* _Your goal_
No pictures should appear in the copy. Reproduce exactly the lines from the one containing "这个公式表示任何物体之间都会" through the end of the material below.

* _Data for this exercise_
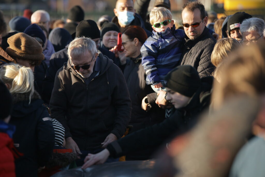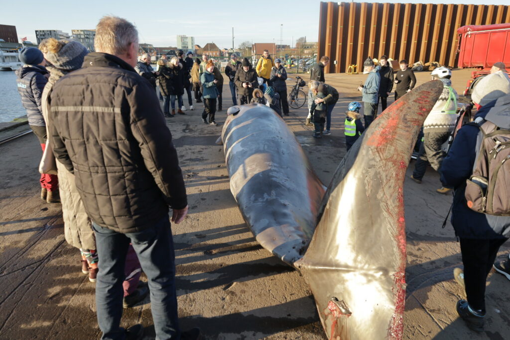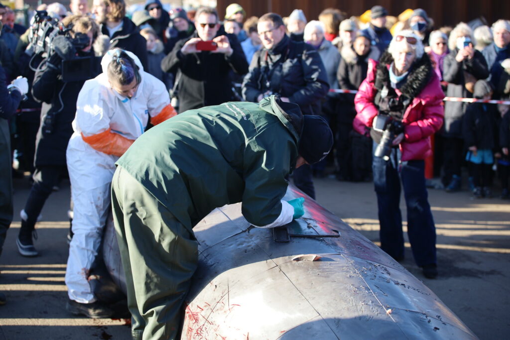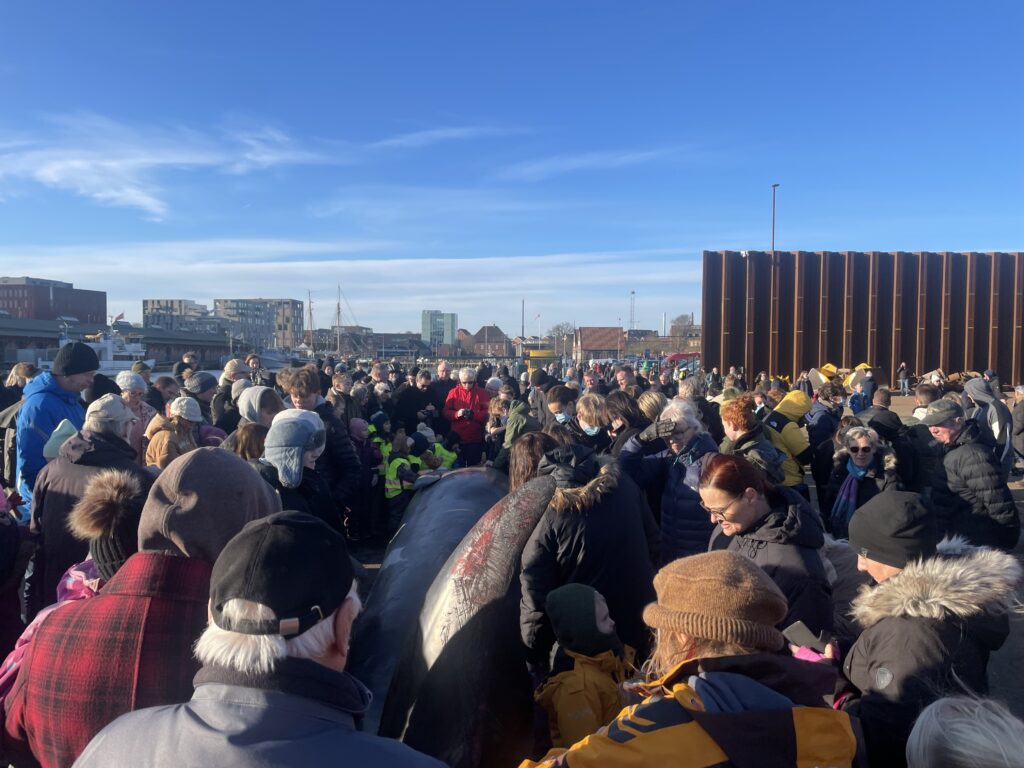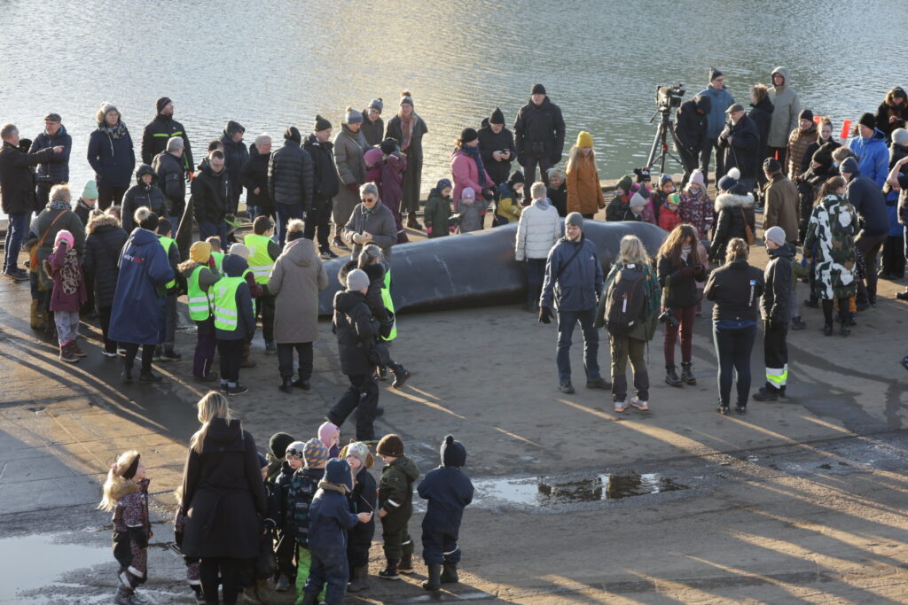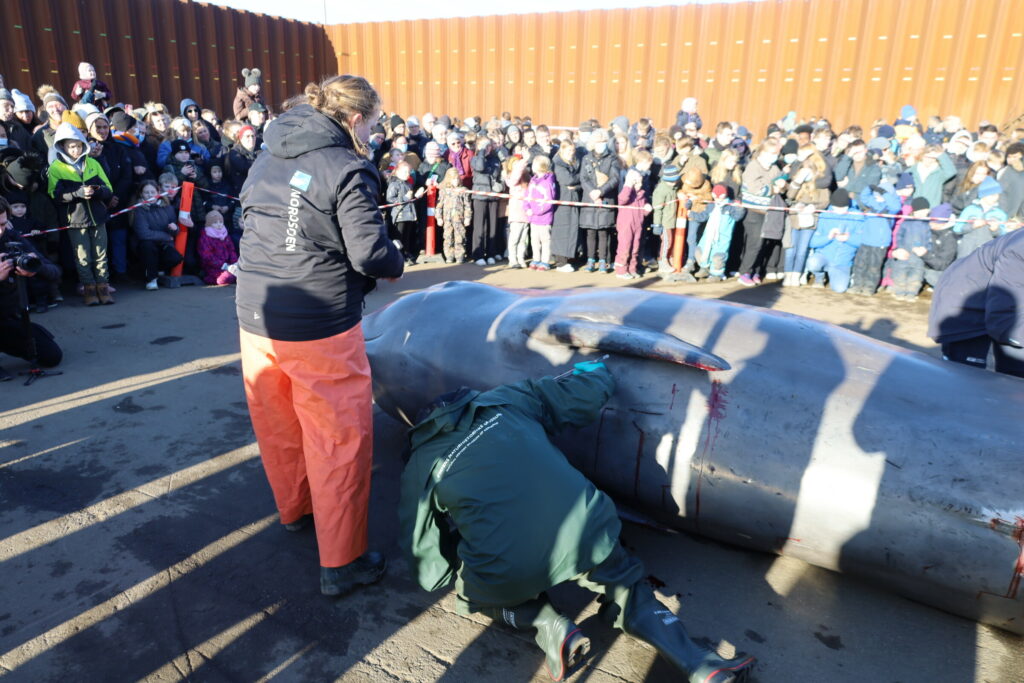 Der var især mange børn blandt de fremmødte, som stod og overværede den nærmere inspektion af hvalen, som skal fastslå dødsårsagen.
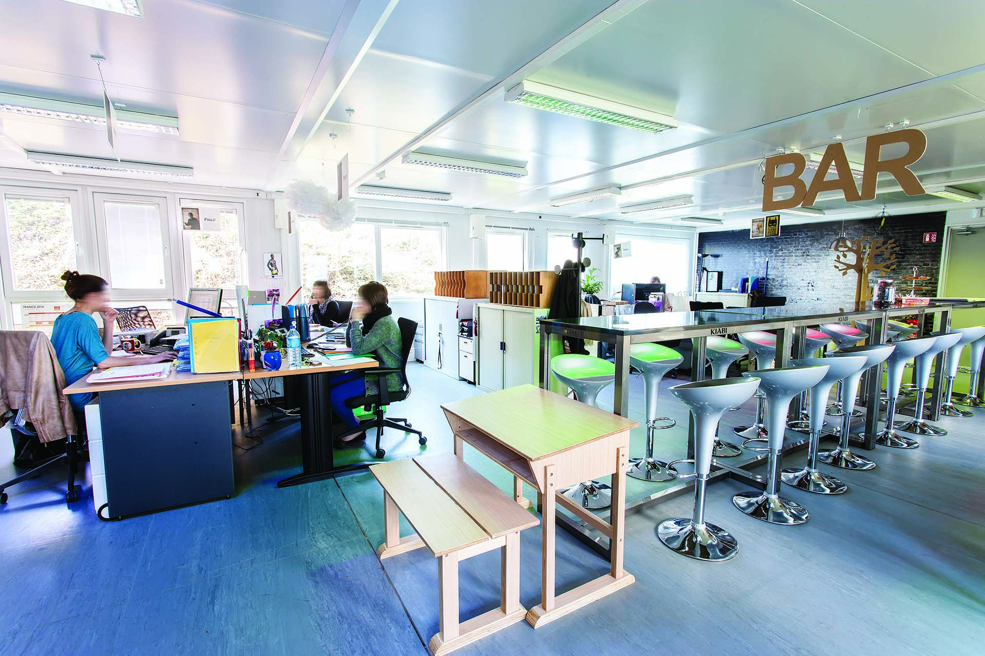 - Open space, bureaux individuels, et salles de réunion
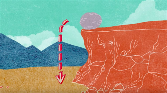 这个公式表示任何物体之间都会互相吸引,也就是说,如果你有两个物体–随便两个东西–都会互相吸引。我们想想看,假设你在悬崖边向下扔一块石头,会出现什么情况?
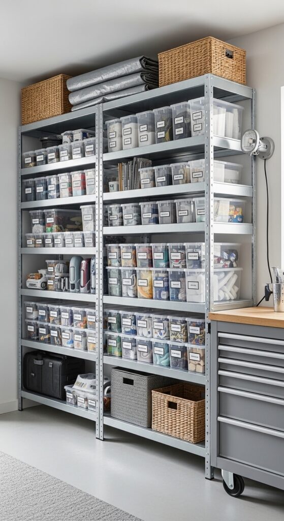 How to achieve it: Choose shelf units at least 18 to 24 inches deep and use stackable clear bins with front-facing labels. Store lighter items up high and everyday categories at chest height for quick access.
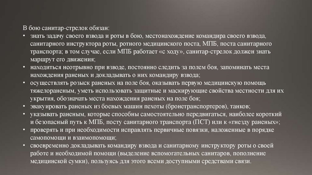 В бою санитар-стрелок обязан:• знать задачу своего взвода и роты в бою, местонахождение командира своего взвода,
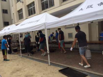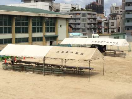 阿部校庭キャンプ実行委員長、子ども会の役員さん、PTA運営委員,保護者の皆さんが協力して、校庭キャンプの準備が着々と進んでいます。
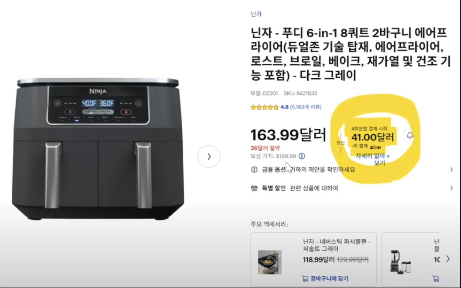 🍳 에어프라이어 ($163 → 4회 분할시 $41)
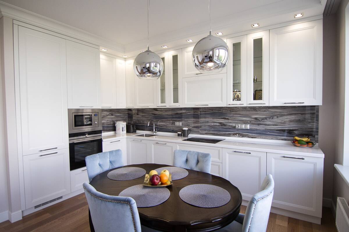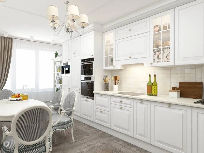 Для неоклассики характерны матовые фасады в светлых оттенках. Мебель выбирается по принципу функциональности и комфорта. Бытовая техника встраивается в фасад кухни.
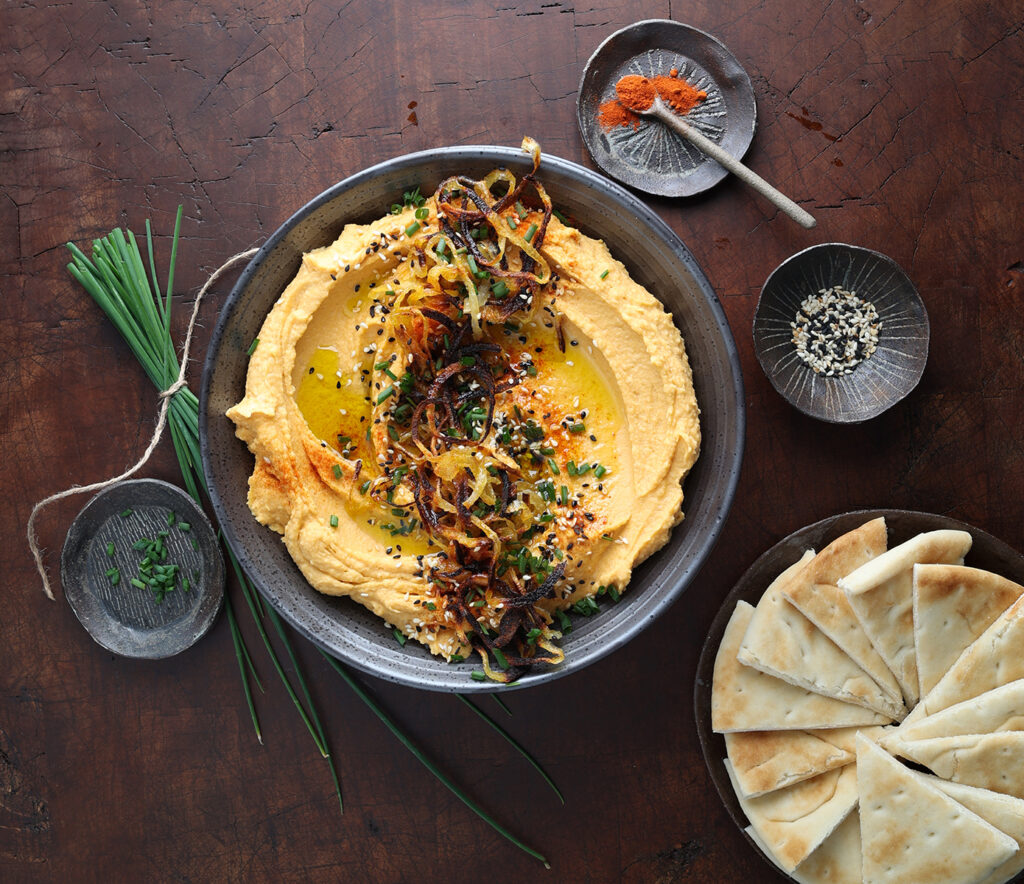 Hummusz csípős csicseriborsóval és tahini szósszal
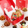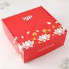 Discover pure delight that tantalizes your taste buds and pleases your senses. Packed beautifully in a red eco-friendly box, this hamper includes roasted and salted almonds, peri-peri almonds, thai chilli cashews, black pepper cashews, a pack of assorted chocolates, and two lotus design floral potli. Immerse yourself in a symphony of flavours with the crunchy nuts and add a touch of sweetness with the assorted chocolates. The floral design potli bags add an elegant charm to the hamper and can be reused later. You can also gift this gourmet box to your friends and family on special occasions.
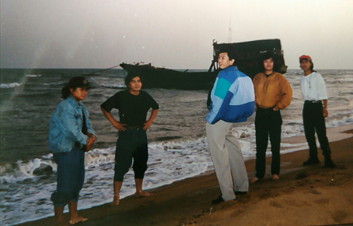 1993年底在海口的海边,范俊义和乐队的朋友们,从左至右:张港,旺那日松,郝军,那日苏,范俊义。
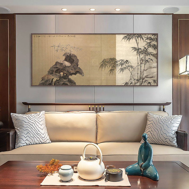 新中式竹子装饰画软装样板房挂画别墅客厅沙发背景墙大幅尺寸壁画
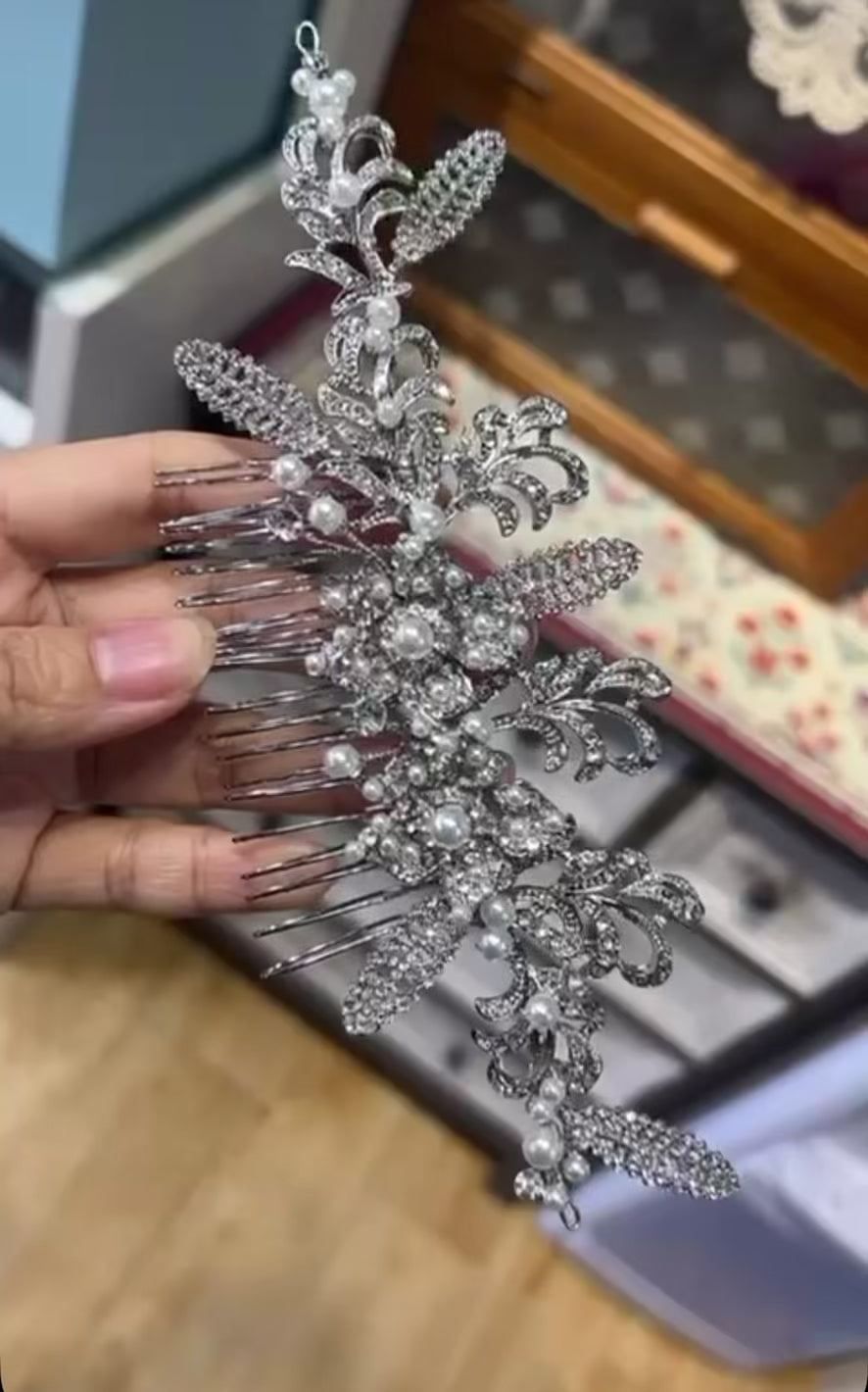 Apart of the AE Collection Silver Swarovski crystal makes up this hair piece.
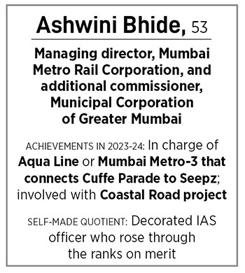 A decorated IAS officer—she stood first among women candidates in UPSC and ninth overall—Bhide is managing director of the Mumbai Metro Rail Corporation (MMRC) and additional commissioner of the Municipal Corporation of Greater Mumbai. She’s been the driving force of Mumbai Metro-3 (Cuffe Parade to Seepz) that is touted to be the new lifeline of the city.

* _Result of the task_
 这个公式表示任何物体之间都会互相吸引,也就是说,如果你有两个物体–随便两个东西–都会互相吸引。我们想想看,假设你在悬崖边向下扔一块石头,会出现什么情况?
 How to achieve it: Choose shelf units at least 18 to 24 inches deep and use stackable clear bins with front-facing labels. Store lighter items up high and everyday categories at chest height for quick access.
 В бою санитар-стрелок обязан:• знать задачу своего взвода и роты в бою, местонахождение командира своего взвода,
 阿部校庭キャンプ実行委員長、子ども会の役員さん、PTA運営委員,保護者の皆さんが協力して、校庭キャンプの準備が着々と進んでいます。
 🍳 에어프라이어 ($163 → 4회 분할시 $41)
 Для неоклассики характерны матовые фасады в светлых оттенках. Мебель выбирается по принципу функциональности и комфорта. Бытовая техника встраивается в фасад кухни.
 Hummusz csípős csicseriborsóval és tahini szósszal
 Discover pure delight that tantalizes your taste buds and pleases your senses. Packed beautifully in a red eco-friendly box, this hamper includes roasted and salted almonds, peri-peri almonds, thai chilli cashews, black pepper cashews, a pack of assorted chocolates, and two lotus design floral potli. Immerse yourself in a symphony of flavours with the crunchy nuts and add a touch of sweetness with the assorted chocolates. The floral design potli bags add an elegant charm to the hamper and can be reused later. You can also gift this gourmet box to your friends and family on special occasions.
 1993年底在海口的海边,范俊义和乐队的朋友们,从左至右:张港,旺那日松,郝军,那日苏,范俊义。
 新中式竹子装饰画软装样板房挂画别墅客厅沙发背景墙大幅尺寸壁画
 Apart of the AE Collection Silver Swarovski crystal makes up this hair piece.
 A decorated IAS officer—she stood first among women candidates in UPSC and ninth overall—Bhide is managing director of the Mumbai Metro Rail Corporation (MMRC) and additional commissioner of the Municipal Corporation of Greater Mumbai. She’s been the driving force of Mumbai Metro-3 (Cuffe Parade to Seepz) that is touted to be the new lifeline of the city.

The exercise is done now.